Background: In traditional Reverse Polish Notation, all operators must have fixed lengths, which allows RPN to be easily evaluated and manipulated by code because every token, expression, and subexpression are all "self-contained" such that one can blindly substitute the y
in x y *
for y 1 +
to get x y 1 + *
, which is another valid expression that does exactly what you want it to do. Here is an interactive demo of a simple RPN calculator with named variable support.
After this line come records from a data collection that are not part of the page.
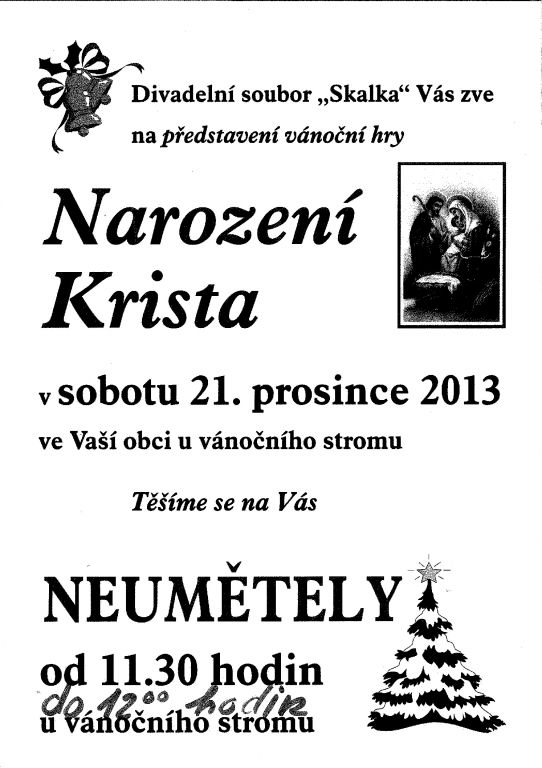Divadelní soubor "Skalka" Vás zve v sobotu 21.12.2013 od 11,30 do cca. 12,00 hodin na představení vánoční hry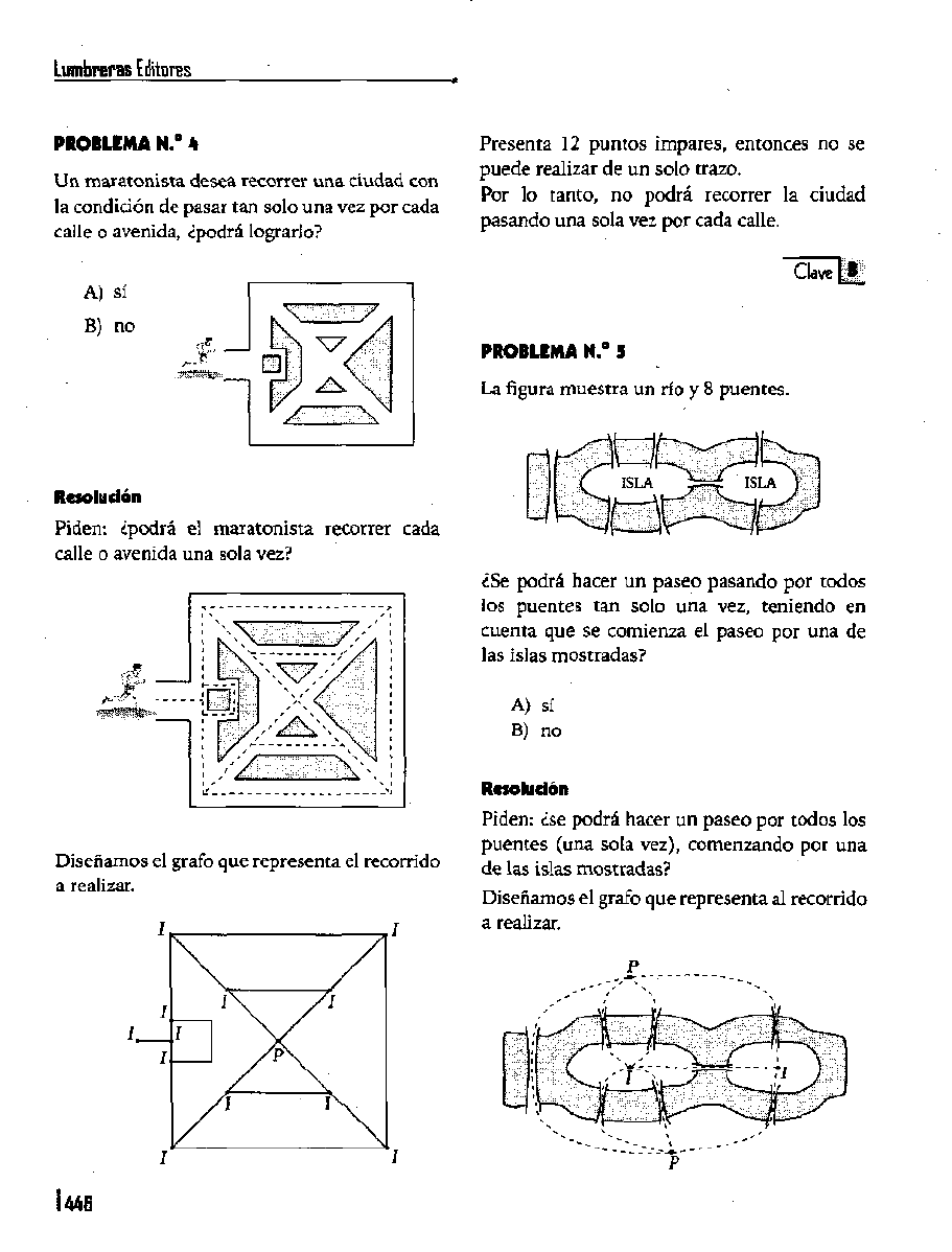 PROBLEMA N.** 4 U n m aratonista desea recorrer una ciudad con la condición de pasar tan solo una vez por cada calle o avenida, ¿podrá lograrlo? A) sí B) no Resolución Piden: ¿podrá el m aratonista recorrer cada calle o avenida una sola vez? Diseñam os el grafo que representa el recorrido a realizar. Presenta 12 puntos im pares, entonces no se puede realizar de un solo trazo. Por lo tanto, no podrá recorrer la ciudad pasando una sola vez por cada calle. Clave PROBLEMA N.” 5 La figura m uestra un río y 8 puentes. ¿Se podrá hacer un paseo pasando por todos los puentes tan solo una vez, teniendo en cuenta que se com ienza el paseo por una de las islas m ostradas? A) sí B) no Resolución Piden: ¿se podrá hacer un paseo por todos los puentes (una sola vez), com enzando por una de las islas mostradas? D iseñam os el grafo que representa al recorrido a realizar. Im b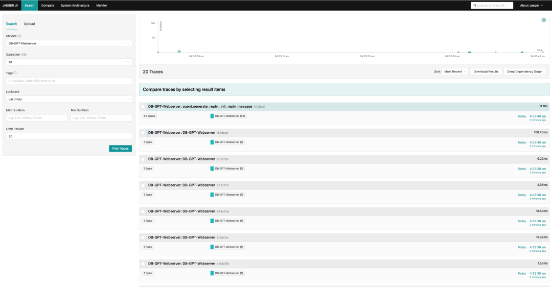 LLM_MODEL=meta-llama-3.1-8b-instruct ?internlm2.5,codegeex4-all-9b pipinstall-e".[observability]" dockerrun--rm--namejaeger\-eCOLLECTOR_ZIPKIN_HOST_PORT=:9411\-p6831:6831/udp\-p6832:6832/udp\-p5778:5778\-p16686:16686\-p4317:4317\-p4318:4318\-p14250:14250\-p14268:14268\-p14269:14269\-p9411:9411\jaegertracing/all-in-one:1.58 TRACER_TO_OPEN_TELEMETRY=TrueOTEL_EXPORTER_OTLP_TRACES_ENDPOINT=http://localhost:4317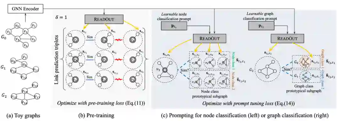 统一的任务模板:基于上述对节点和图级别实例的子图定义,该工作统一了不同的任务形式,以遵循一个共同的模板。具体来说,预训练中的链接预测任务和下游节点和图分类任务都可以重新定义为子图相似性学习。设是子图的向量表示,是余弦相似性函数。如图(b)和(c)所示,这三个任务可以映射到子图相似性的计算,其形式化如下。

Note that the demos try to present the gist of an algorithm; they don't correlate to or represent production code.
var rpn = prompt("Please enter RPN string, where each token is " +
"separated by a space", "x 1 x + * 2 /").trim().split(/\s+/);
var stack = [], variables = [], values = [];
for (let i = 0, len = rpn.length|0; i < len; i=i+1|0) {
if (/^\d*(\.\d*)?$/.test(rpn[i]) && rpn[i] !== "") {
stack.push( rpn[i] );
} else if (/^[a-z]$/i.test(rpn[i])) {
stack.push( rpn[i] );
if (!~variables.indexOf(rpn[i])) variables.push( rpn[i] );
} else {
if(stack.length<2)throw Error("No operand for " + rpn[i]);
const firstPop = stack.pop(); //lacks check if stack empty
stack.push( "(" + stack.pop() + rpn[i] + firstPop + ")" );
}
}
if (stack.length !== 1) throw Error("Invalid RPN got: " + stack);
for (let i = 0, len = variables.sort().length|0; i < len; i=i+1|0)
values[i] = +prompt(variables[i] + " = ", Math.random()*10|0);
variables.push("'use strict';return(" + stack.pop() + ")");
alert("Result: " + Function.apply(0, variables).apply(0, values));
Question: How can RPN be modified or adapted to accommodate variable-length "operators" (think functions)?
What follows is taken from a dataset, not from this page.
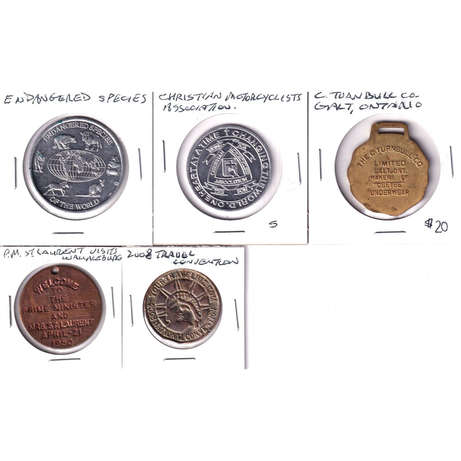 Lot of Miscellaneous Tokens - The C. Turnbull Co. Limited Galt, Ontario Makers of "Ceetee" Underwear, Prime Minister and Mrs. St. Laurent Visits Wallaceburg, 2008 Travel Convention Liberty & Travel For All, Endangered Species of the World Gray Wolf & Christian Motorcyclists Association 'Changing the World One Heart at a Time'. 5pcs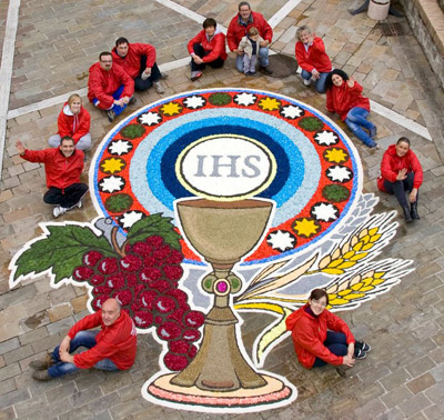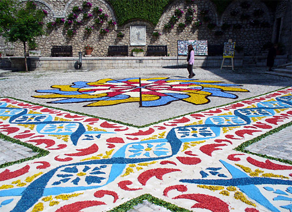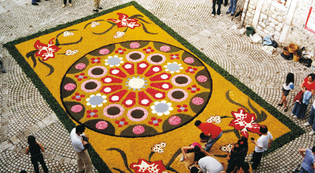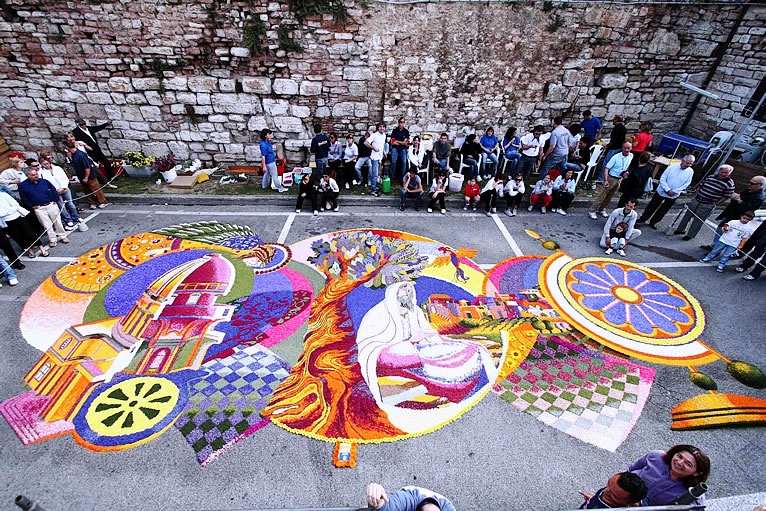 L'Infiorata consiste nella realizzazione di tappeti di fiori per lo più in occasione della festività cattolica del Corpus Domini.

Research and proposed solutions: I am using RPN as an intermediary representation of code before it is finalized into a specified code language. I want to preserve as much of the usefulness and ease of RPN as possible while still representing variable-length operators. I devised three solutions and implemented them in rather simplistic demos below.
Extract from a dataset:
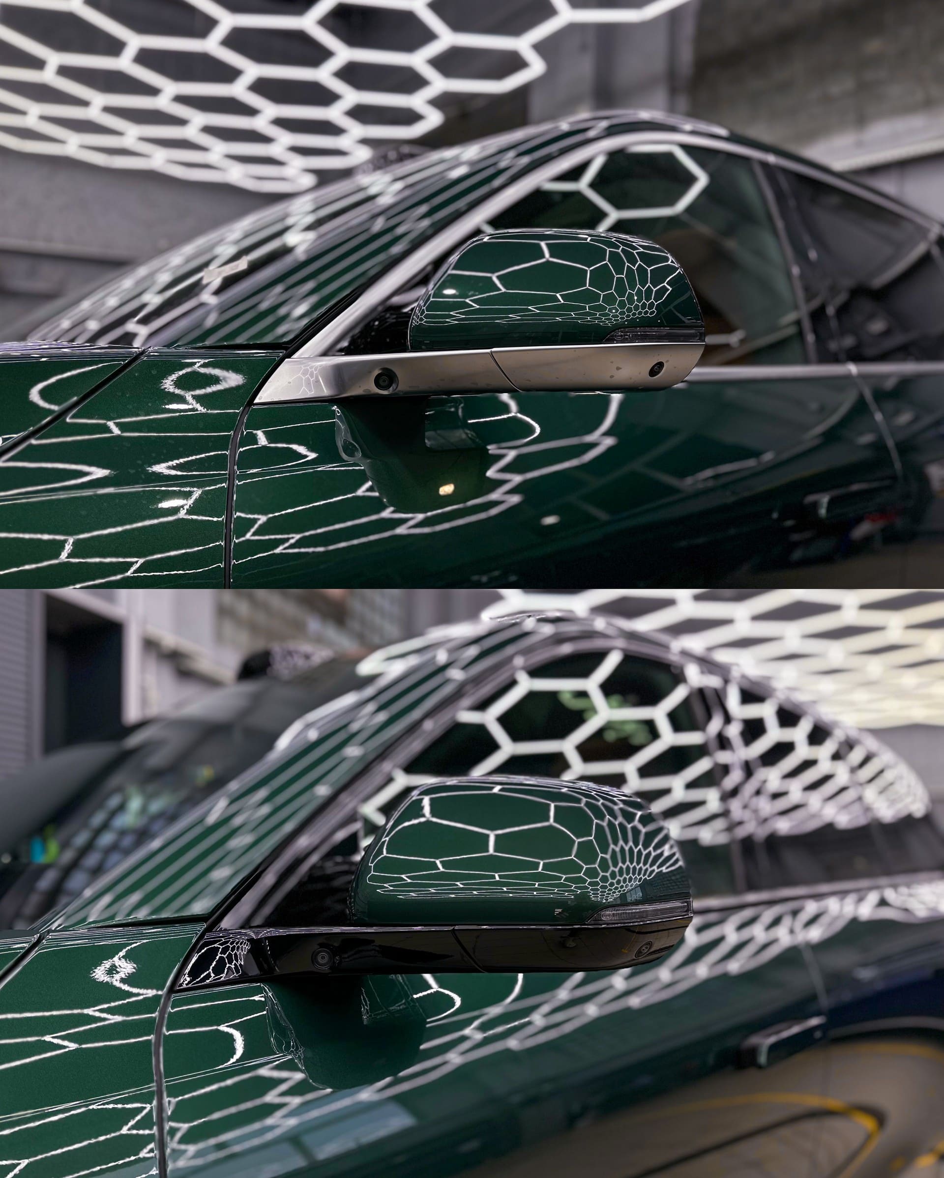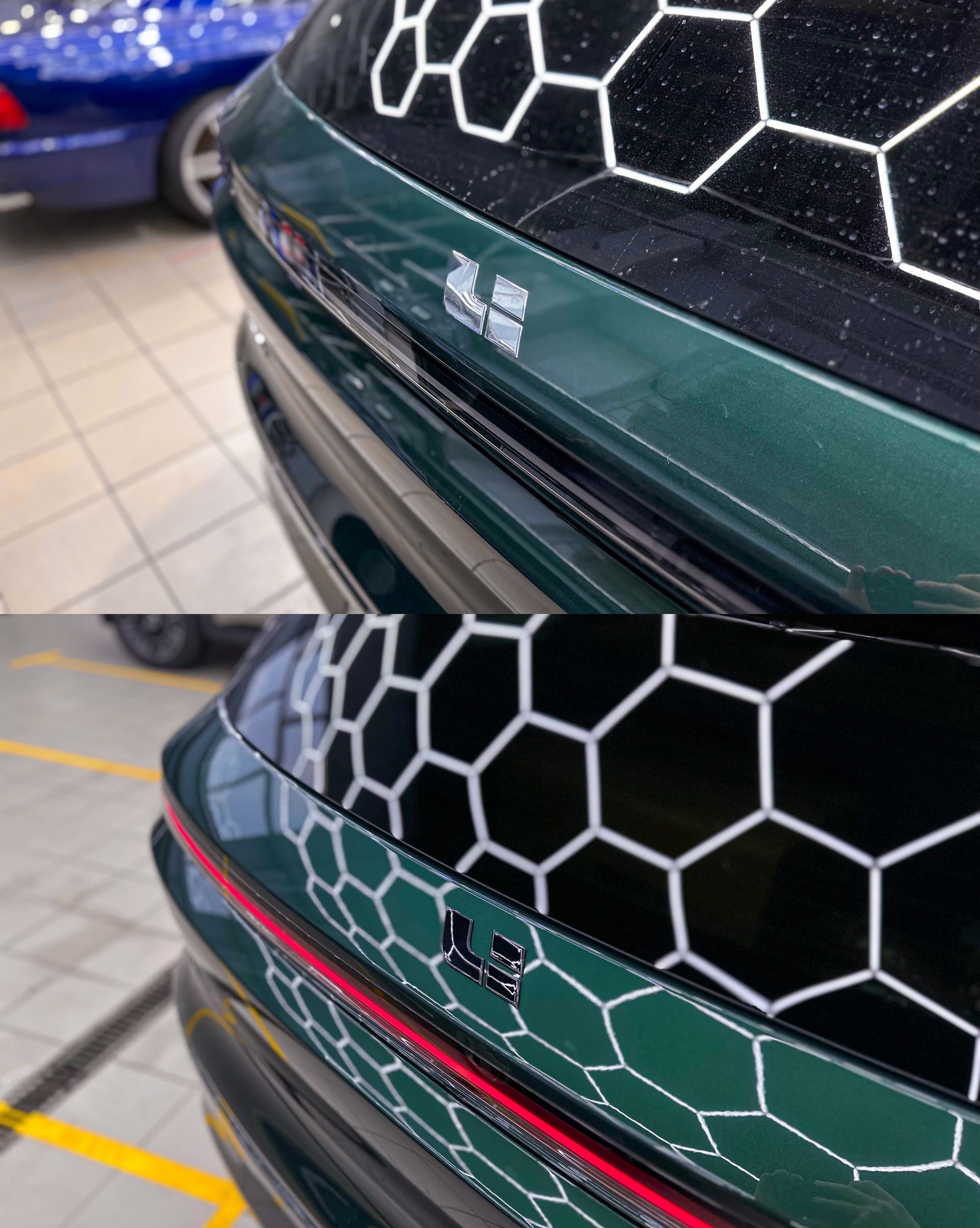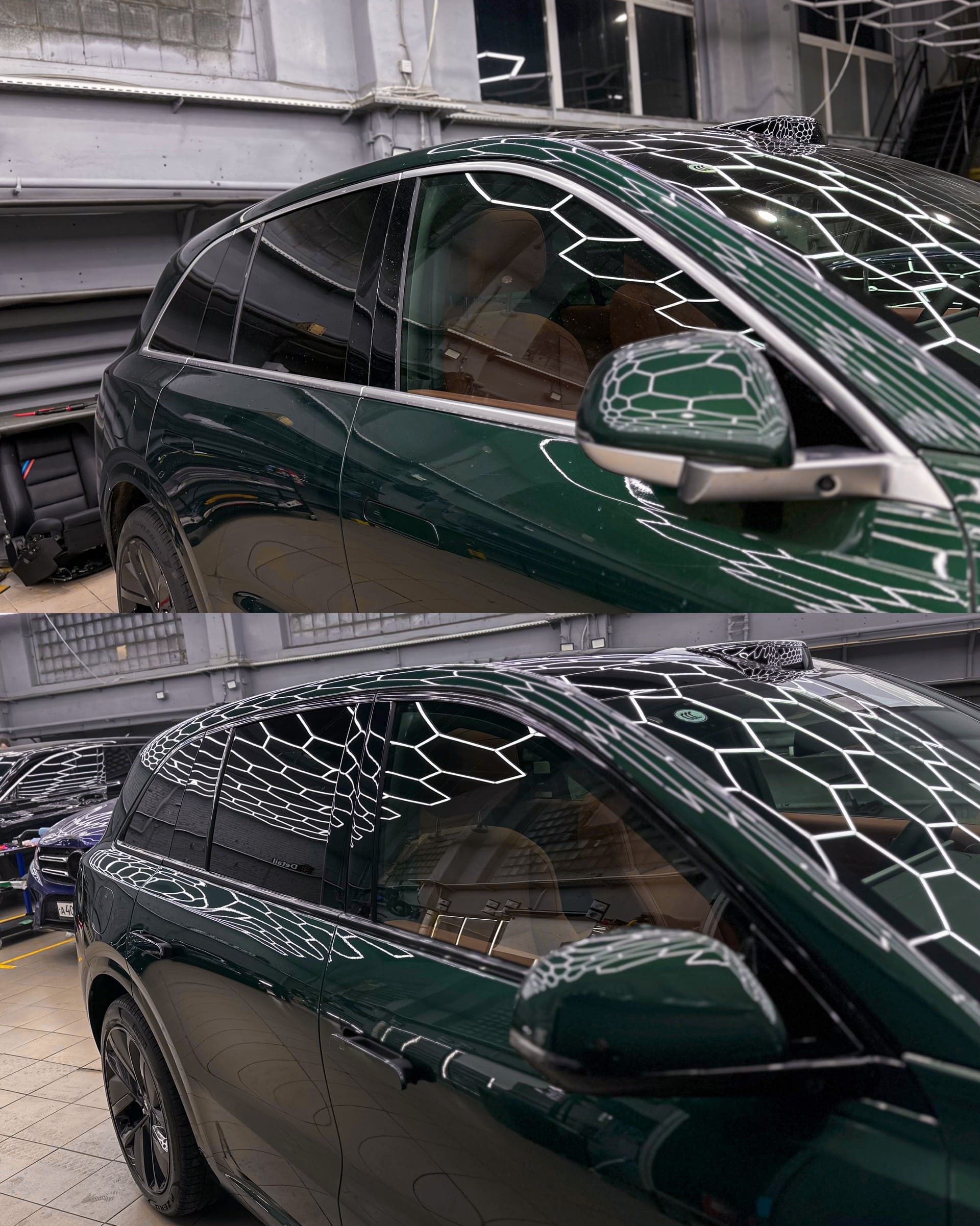 На автомобиле Lixiang L6 также была выполнена услуга по антихрому. Хромированные элементы перекрасили в черный глянец. Зеркала потребовали разборки, поскольку без этого оклейка может вызвать засветы, и пленка может начать отслаиваться от хрома, что будет выглядеть неэстетично. Шильдики Li были вытравлены и тоже покрашены в черный глянец.

- A special ARGUMENTS_BEGIN prefix operator (we'll use
#
for the purposes of this question). This solution flies in the face of traditional RPN in that it adds prefix operators to denote where the arguments begin. This makes the arguments list auto-expand in size, and assists with debugging because no malformed token substitution can disrupt the arguments list, allowing one to localize the error more easily. This could make manipulation of arguments more complex due to more code needed to handle cases such as nested function calls, but I am not entirely sure what all complications could arise. It is my guess that I will encounter obstacles parsing syntax that includes prefix and postfix operators. It also makes direct evaluation more difficult because back-tracking or a separate stack is needed to locate the start of the arguments.
var rpn = prompt("Please enter a RPN string, where each token is " +
"separated by a space", "# # x 210 gcd x 6 * 126 gcd").trim()
.split(/\s+/);
var stack = [], variables = [], values = [];
for (let i = 0, len = rpn.length|0; i < len; i=i+1|0) {
if (/^\d*(\.\d*)?$/.test(rpn[i]) && rpn[i] !== "") {
stack.push( rpn[i] );
} else if (/^[a-z]$/i.test(rpn[i])) {
stack.push( rpn[i] );
if (!~variables.indexOf(rpn[i])) variables.push( rpn[i] );
} else if (/^[a-z]\w*$/i.test(rpn[i])) {
const s = stack.lastIndexOf("#");
if(s<0) throw Error("No start of arguments to " + rpn[i]);
stack.push( rpn[i]+"(" + stack.splice(s).slice(1) + ")" );
} else if (rpn[i] === '#') {
stack.push( '#' ); // sparks a syntax error if misused
} else {
if(stack.length<2)throw Error("No operand for " + rpn[i]);
const firstPop = stack.pop();
stack.push( "(" + stack.pop() + rpn[i] + firstPop + ")" );
}
}
if (stack.length !== 1) throw Error("Invalid RPN got: " + stack);
for (let i = 0, len = variables.sort().length|0; i < len; i=i+1|0)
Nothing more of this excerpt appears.